Author: Gudrun Westermann
The keynote lecture, however, on the face of it had nothing to do with decontamination, but with safety aspects of a different technical system, in this case the railway network.
However as Pam discussed, there are comparable lessons to be learned in any process that relies on vigilance for safety. Pam Warren, known in the UK as “The woman in the mask”, reported her long journey back to life after she had suffered severe burns during a train accident at Paddington in October 1999. During the rehabilitation phase, in which she had to wear a plastic mask over her face around the clock to promote healing, she became chairman of the “Paddington survivors” group who fought for improved safety measures in rail traffic.
After a series of serious railway accidents in the 1990s, the political parties and the railway companies needed to be persuaded to embrace the recommended safety changes, and public opinion also had to be influenced. Warren described how she mastered this often stony path in a similar way to her own rehabilitation: like a river, one must continually move forward, sometimes flow around obstacles, or in individual cases carve a new riverbed, always with the aim to improve safety. At the end of a five-year campaign, 97% of the proposals have been implemented, and the British Rail system is now one of the safest in the world, Warren concluded.
50 years recounted
Gillian Sills as one of the founding members of the IDSc moderated the next lecture, which dealt with the history of the institute. Under the title “From there to here”, Wayne Spencer presented developments in both the IDSc and sterilization services in general from the beginnings in the year 1967 until today. The IDSc appeared on the scene in the same year as the film “The Graduate”. It was originally named the Association for Sterile Supply Administrator’s, and was in the initial phase supported by the already existing Central Sterilising Club with a donation of 100 pounds. In 1971 there was an incident with 5 deaths after a batch of non-sterilized dextrose solution had been supplied to a hospital. This lack of sterilization found its way into the media, and processing departments were mentioned for the first time in the national press. Spencer also described the progress of technical developments, such as the introduction of single-use products in the 1970s and automated washer-disinfectors. He showed various types of machines, including some that could be opened during the process! The famous badge and the chain of office for the chairman were also introduced by the ASSM during this period.
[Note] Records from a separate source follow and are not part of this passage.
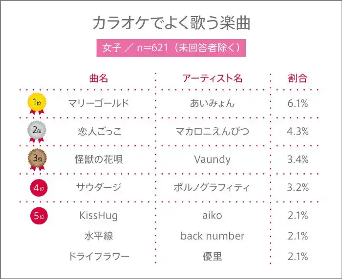 男子でランクインした楽曲のほとんどが同性である男性アーティストのものでしたが、女子ではマカロニえんぴつやポルノグラフィティなど、異性である男性アーティストの楽曲も多くランクインしました。 |
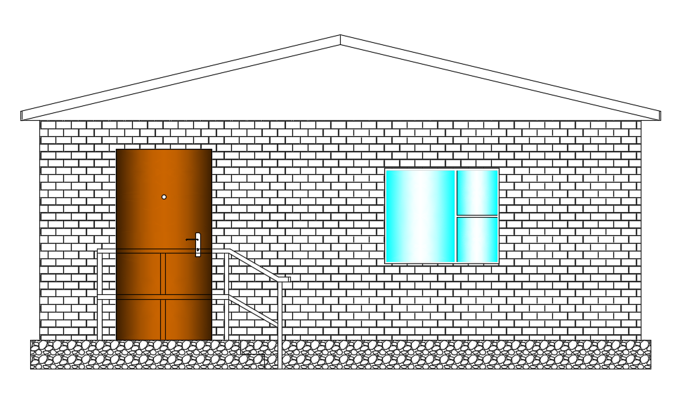 10x8m community hall guard room building left side elevation 2d Auto CAD model is given. In this building, the meeting hall window, and side door is available.
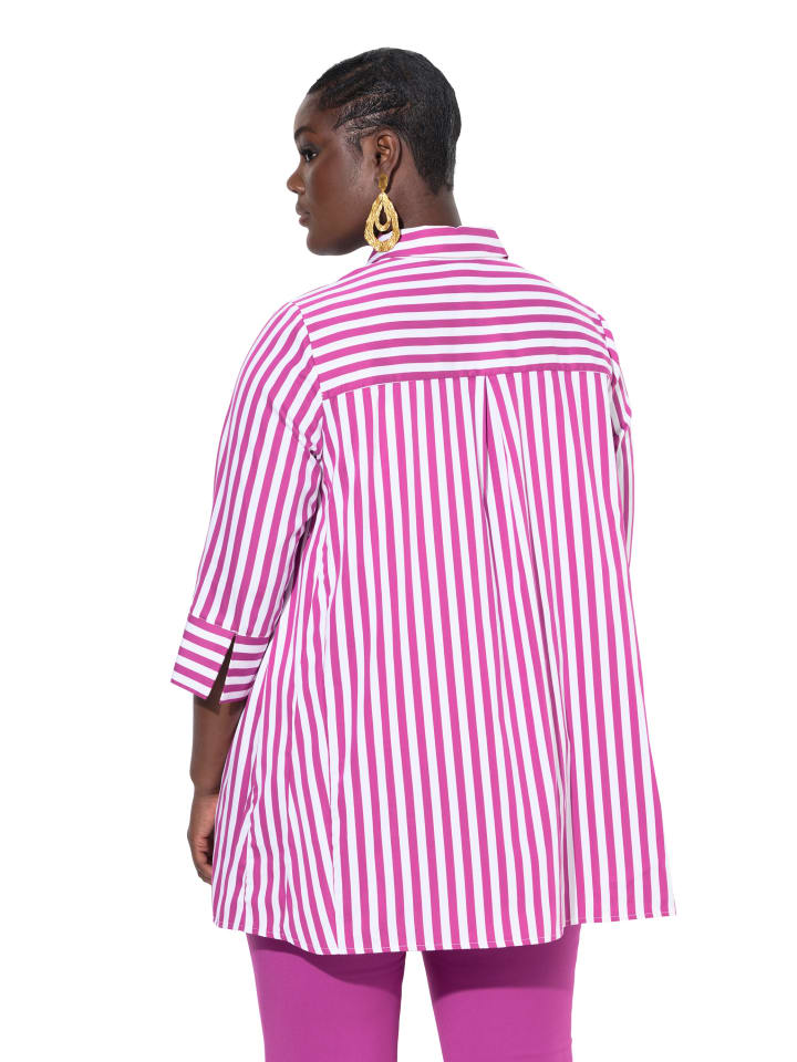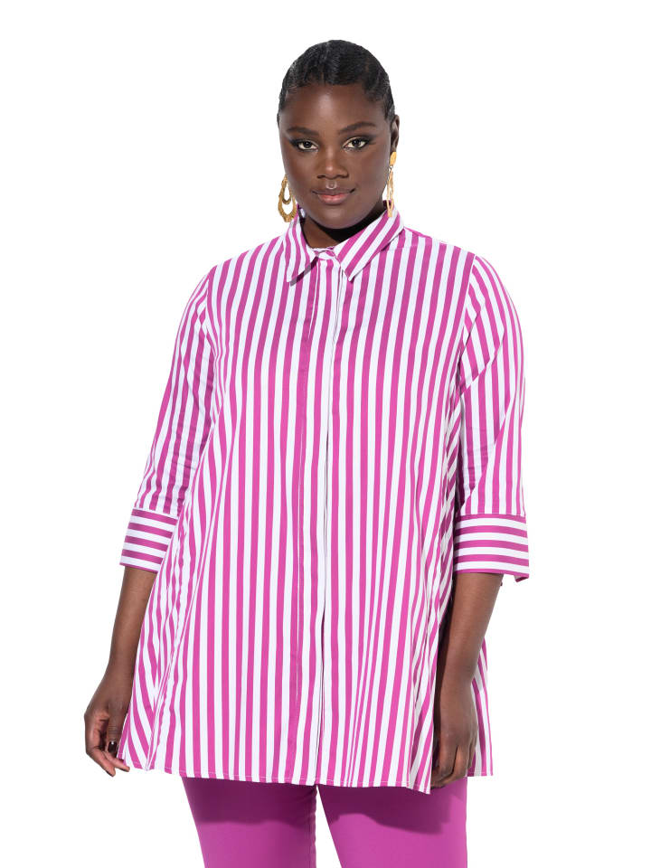 Блузка в полоску, А-силуэтом, со складками по бокам и широким развевающимся подолом. Воротник рубашки, потайная планка на пуговицах, боковые карманы на швах. 3/4 рукава с манжетами.материал
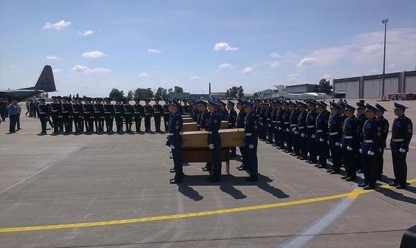 Після жалобного мітингу й хвилини мовчання солдати почесної варти занесли труни в літак.
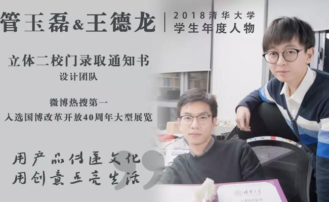 2018年,他们策划、设计、制作了“立体二校门乐鱼在线平台录取通知书”,被媒体与网友称赞为“最美录取通知书”,并入选了国家博物馆改革开放40周年大型展览。
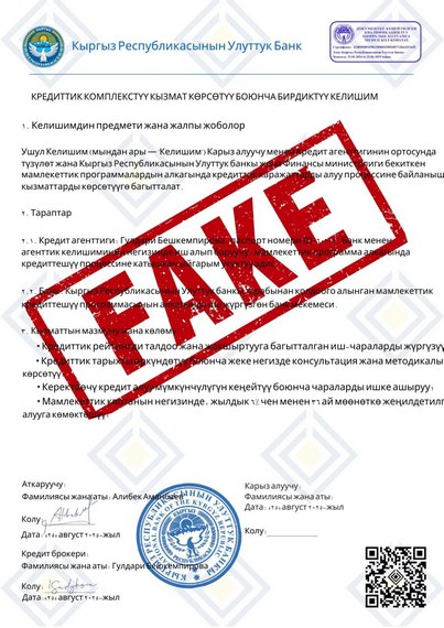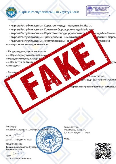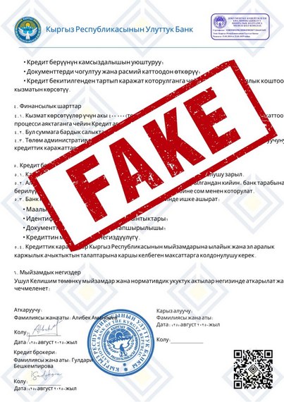 Для убедительности демонстрируют поддельные документы с логотипом НБ КР и фейковые положительные отзывы в Telegram от клиентов, якобы получивших кредиты. Далее злоумышленники под различными предлогами (страховка, комиссия и так далее) просят граждан перевести им деньги и направляют поддельный кредитный договор.
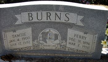 Grave Marker at Barkley Cemetery, Center Star, Lauderdale Co., AL. Full names are given as Horace Oliver Perry Burns and Tamsie Ellen Foust. (Photo & information from www.findagrave.com)
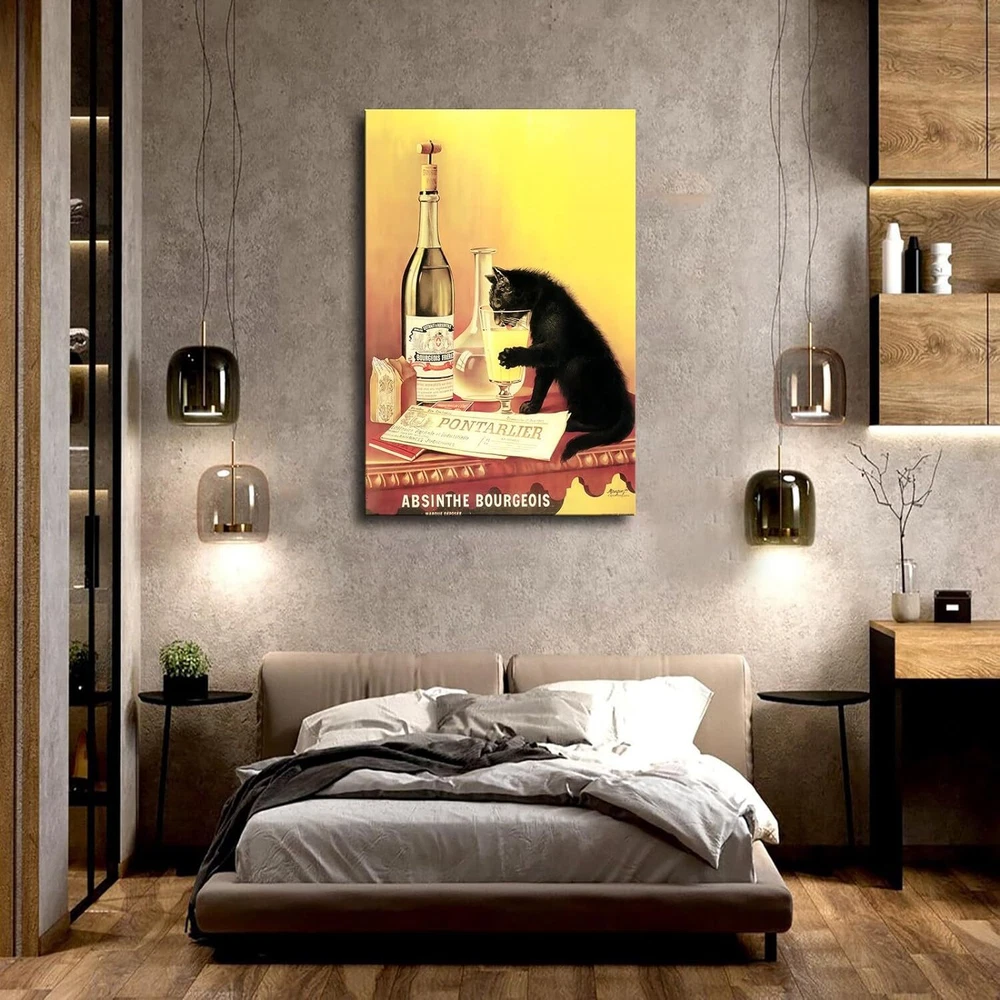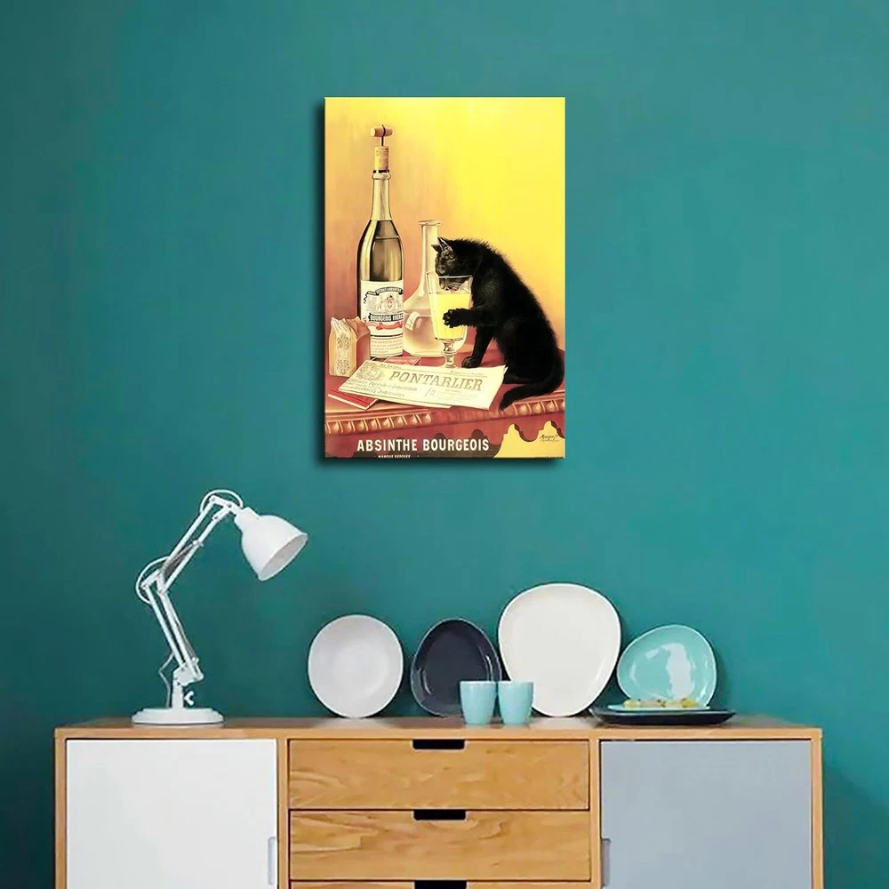 Absinthe Bourgeois Print Poster Cat Poster Vintage Painting Canvas Wall Art
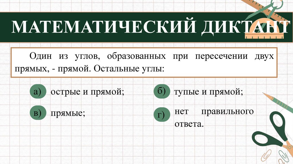 МАТЕМАТИЧЕСКИЙ ДИКТАНТОдин из углов, образованных при пересечении двух
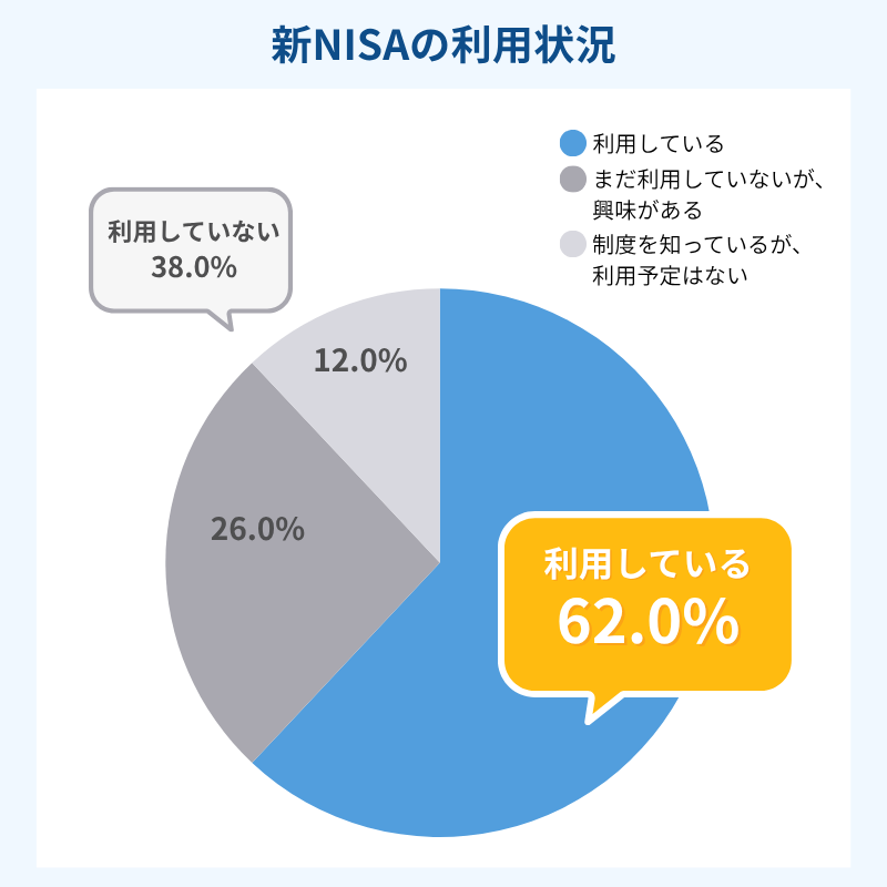 当サイトが実施した「NISAの利用状況に関する調査」では、新NISAを「利用している」との回答が62.0%に達しており、NISAが浸透していることがわかる。

Since 1979, the heads of processing departments were largely being called managers which led to a slight adjustment in the name, and the association became an institute and was renamed the Institute for Sterile Services Managers, ISSM, in 1984.
Spencer went on to speak about the BSE problem, from the first occurrence of 1984 to the description of variant Creutzfeldt-Jakob disease in 1994.
In 2001, the British Government invested £200 million into the development of decontamination services in connection with the vCJD crisis, which enabled some adjustments but this amount was far from sufficient. Since 2003, the increasingly scientific approach to decontamination has also been reflected in the Institute’s current name: Institute of Decontamination Sciences, IDSc.
The development of instruments has also progressed – and the challenges of reprocessing have increased: from instruments with lumens to MIS and more recently robotic surgery instruments. What does the future look like? Robotics remains a topic, the latest development is a robot with single-port entry. This will certainly not make decontamination easier!